-- Given entries follows --

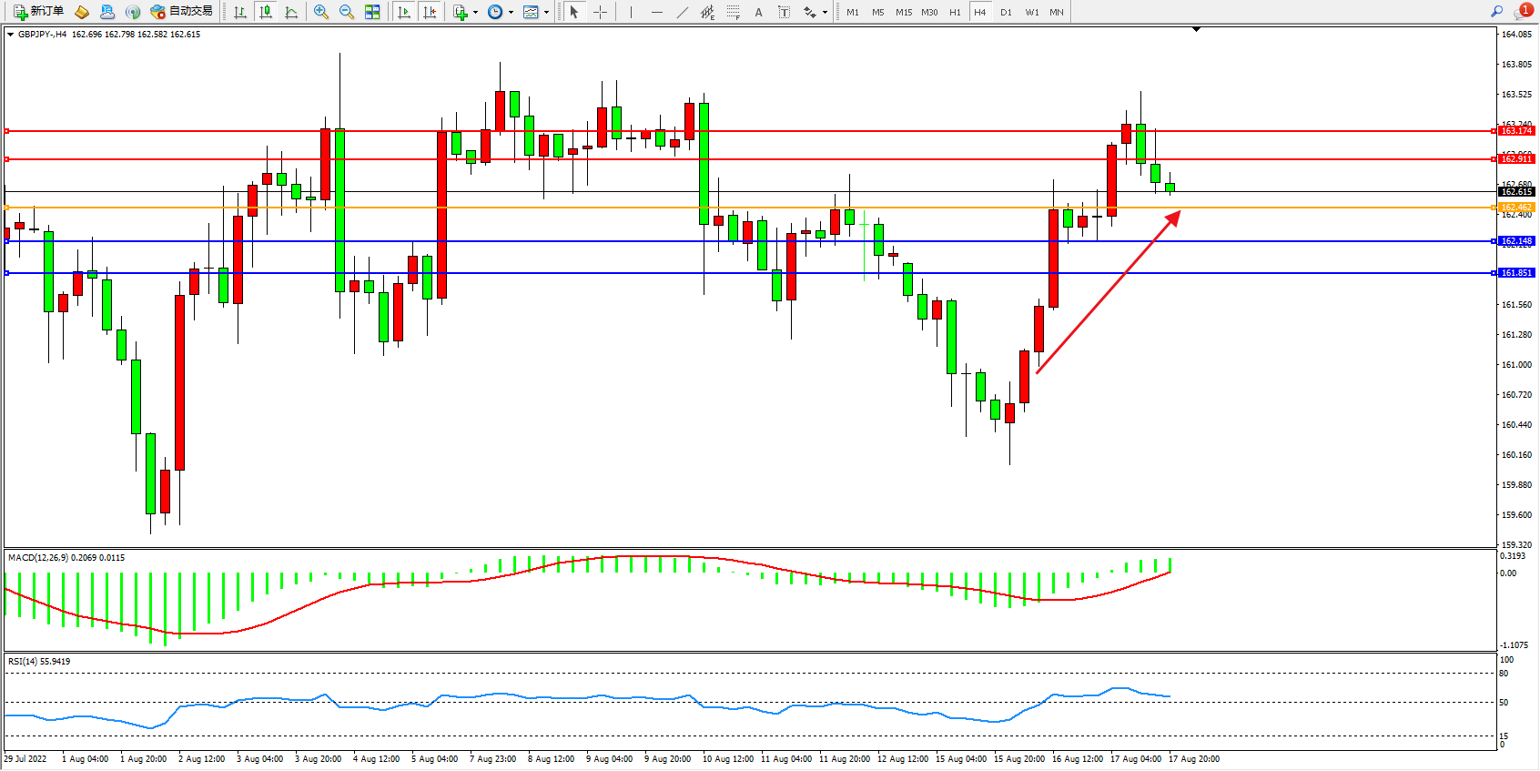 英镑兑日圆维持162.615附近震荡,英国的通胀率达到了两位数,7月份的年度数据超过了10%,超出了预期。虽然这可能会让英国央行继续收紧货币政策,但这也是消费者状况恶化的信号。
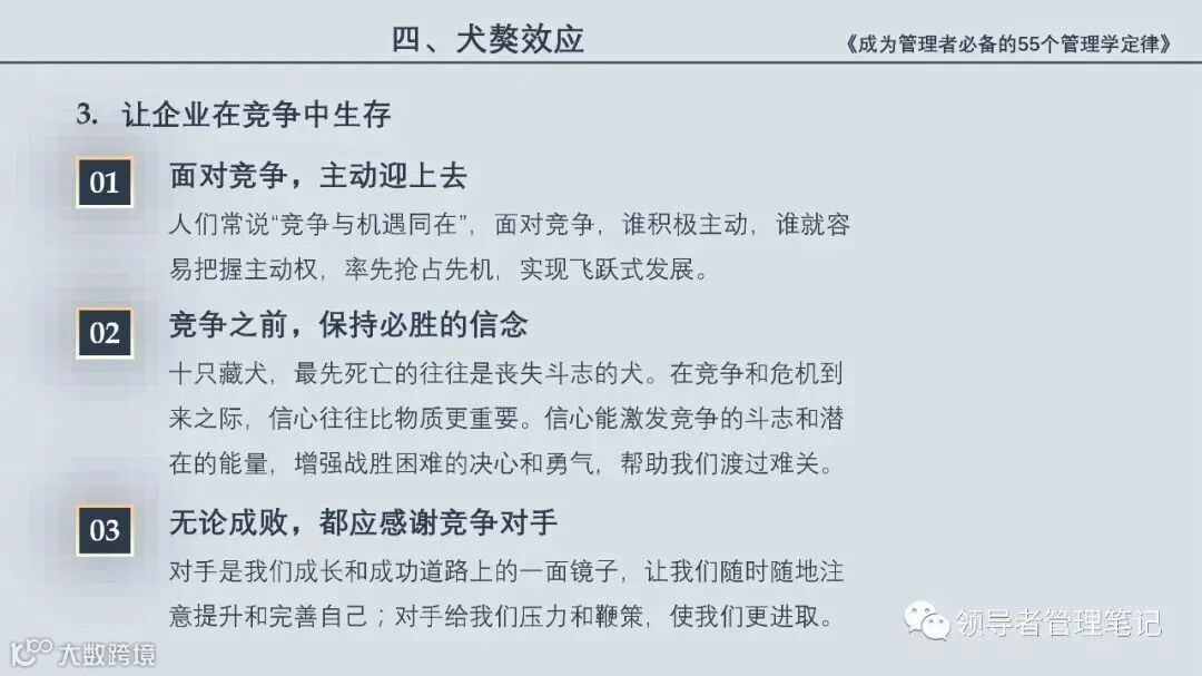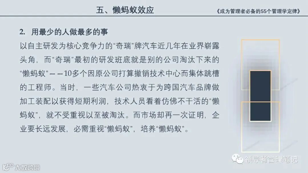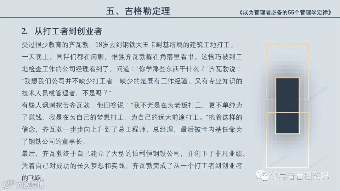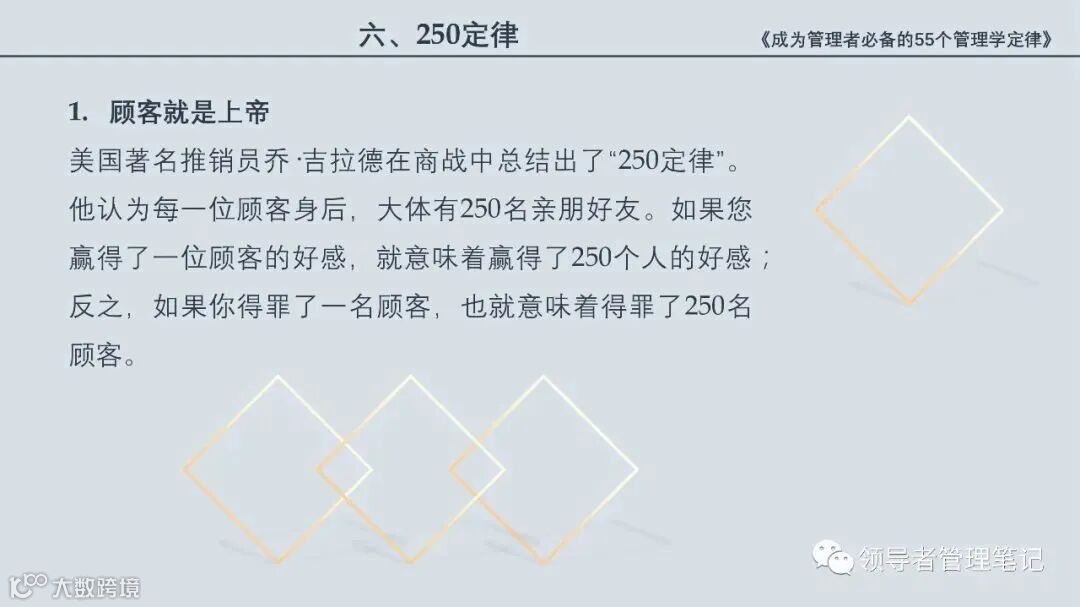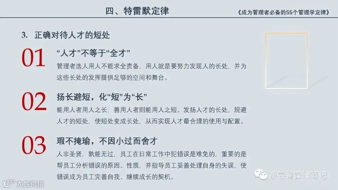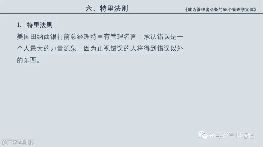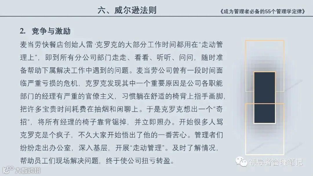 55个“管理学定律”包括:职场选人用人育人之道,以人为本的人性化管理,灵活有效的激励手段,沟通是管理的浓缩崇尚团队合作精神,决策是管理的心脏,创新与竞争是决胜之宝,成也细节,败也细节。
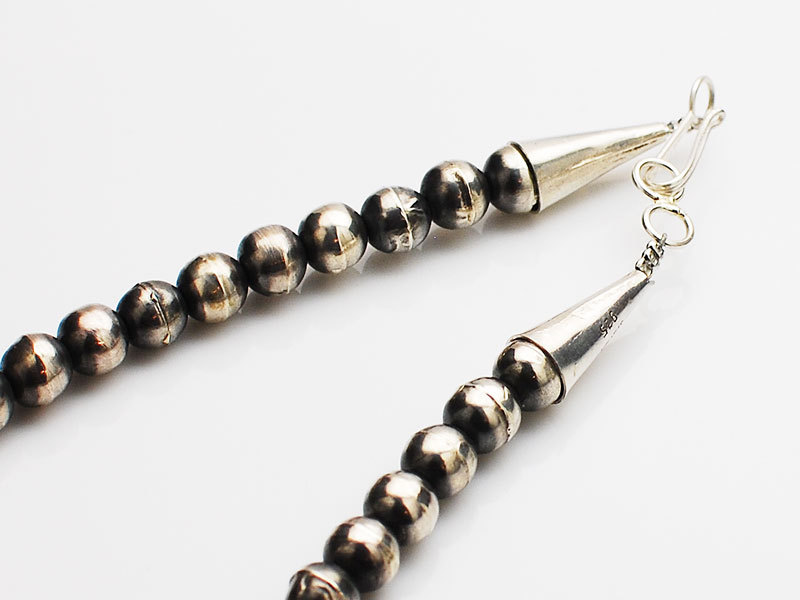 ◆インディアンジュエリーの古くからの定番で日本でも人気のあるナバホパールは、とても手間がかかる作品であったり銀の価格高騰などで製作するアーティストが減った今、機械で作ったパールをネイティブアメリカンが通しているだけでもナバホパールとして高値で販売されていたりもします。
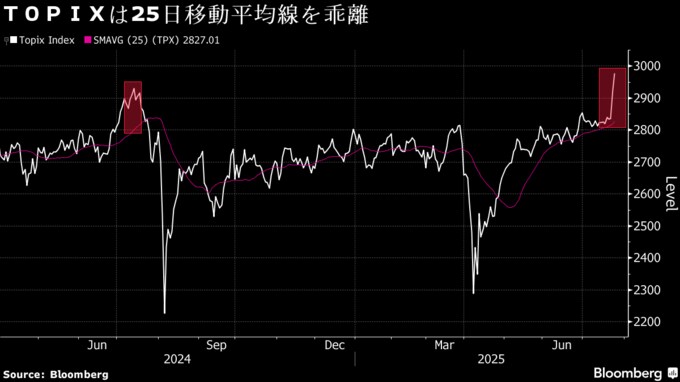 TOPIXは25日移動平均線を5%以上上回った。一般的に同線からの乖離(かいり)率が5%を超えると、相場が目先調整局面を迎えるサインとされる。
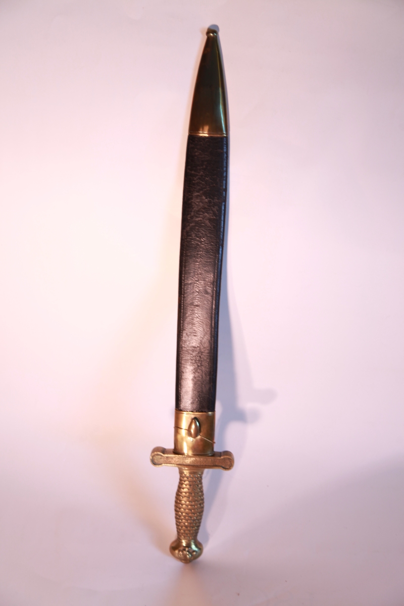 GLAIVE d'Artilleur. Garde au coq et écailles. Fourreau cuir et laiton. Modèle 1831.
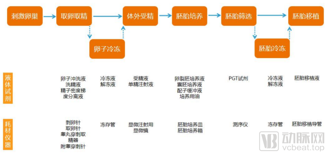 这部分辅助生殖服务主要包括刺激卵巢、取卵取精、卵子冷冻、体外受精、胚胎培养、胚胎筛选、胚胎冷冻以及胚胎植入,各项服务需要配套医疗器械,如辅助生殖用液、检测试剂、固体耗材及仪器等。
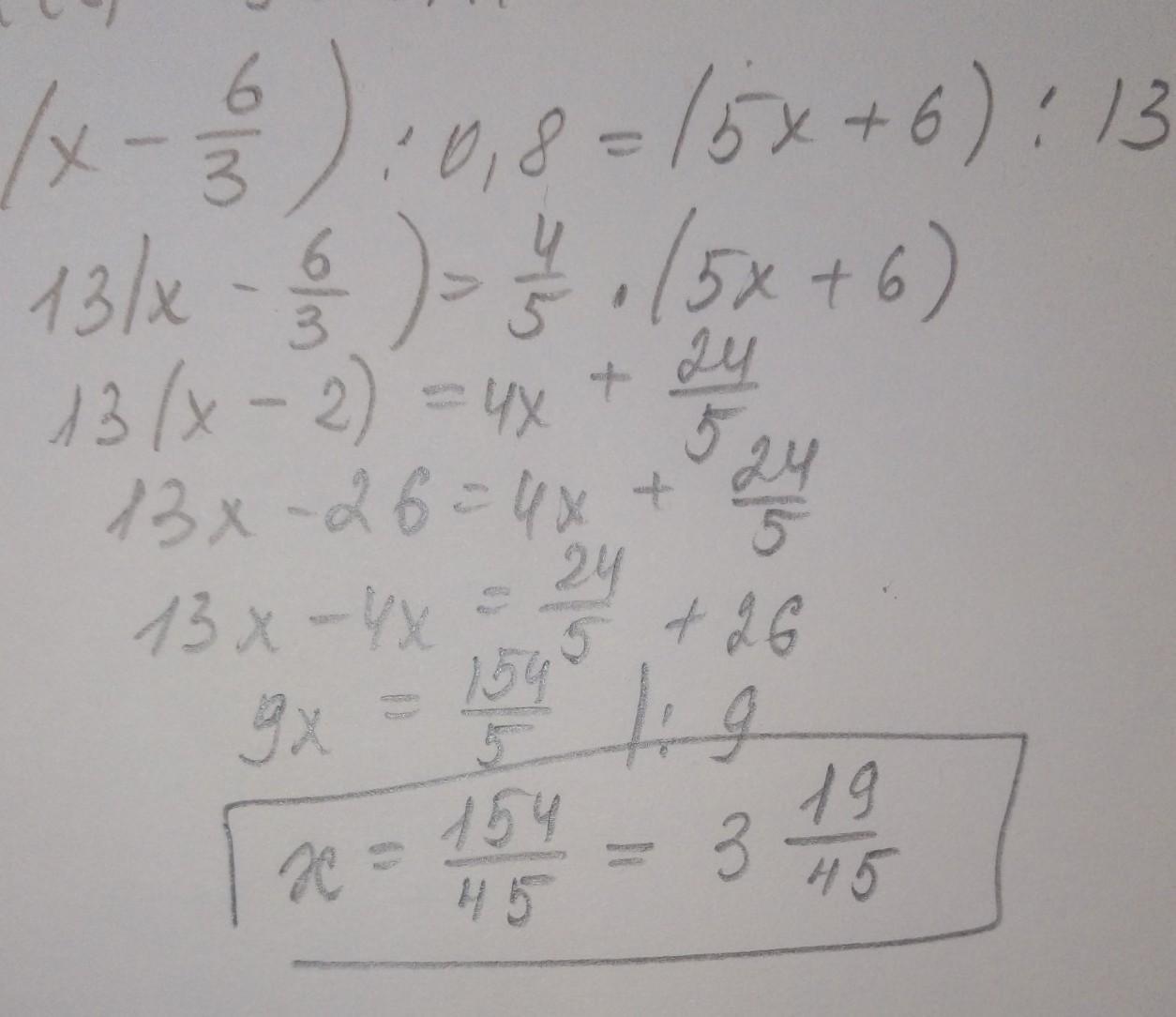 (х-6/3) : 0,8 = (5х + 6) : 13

-- Given entries concluded --

Work order:
Every entry should be returned exactly as written, minus the pictures.

Result for this task:
 英镑兑日圆维持162.615附近震荡,英国的通胀率达到了两位数,7月份的年度数据超过了10%,超出了预期。虽然这可能会让英国央行继续收紧货币政策,但这也是消费者状况恶化的信号。
 55个“管理学定律”包括:职场选人用人育人之道,以人为本的人性化管理,灵活有效的激励手段,沟通是管理的浓缩崇尚团队合作精神,决策是管理的心脏,创新与竞争是决胜之宝,成也细节,败也细节。
 ◆インディアンジュエリーの古くからの定番で日本でも人気のあるナバホパールは、とても手間がかかる作品であったり銀の価格高騰などで製作するアーティストが減った今、機械で作ったパールをネイティブアメリカンが通しているだけでもナバホパールとして高値で販売されていたりもします。
 TOPIXは25日移動平均線を5%以上上回った。一般的に同線からの乖離(かいり)率が5%を超えると、相場が目先調整局面を迎えるサインとされる。
 GLAIVE d'Artilleur. Garde au coq et écailles. Fourreau cuir et laiton. Modèle 1831.
 这部分辅助生殖服务主要包括刺激卵巢、取卵取精、卵子冷冻、体外受精、胚胎培养、胚胎筛选、胚胎冷冻以及胚胎植入,各项服务需要配套医疗器械,如辅助生殖用液、检测试剂、固体耗材及仪器等。
 (х-6/3) : 0,8 = (5х + 6) : 13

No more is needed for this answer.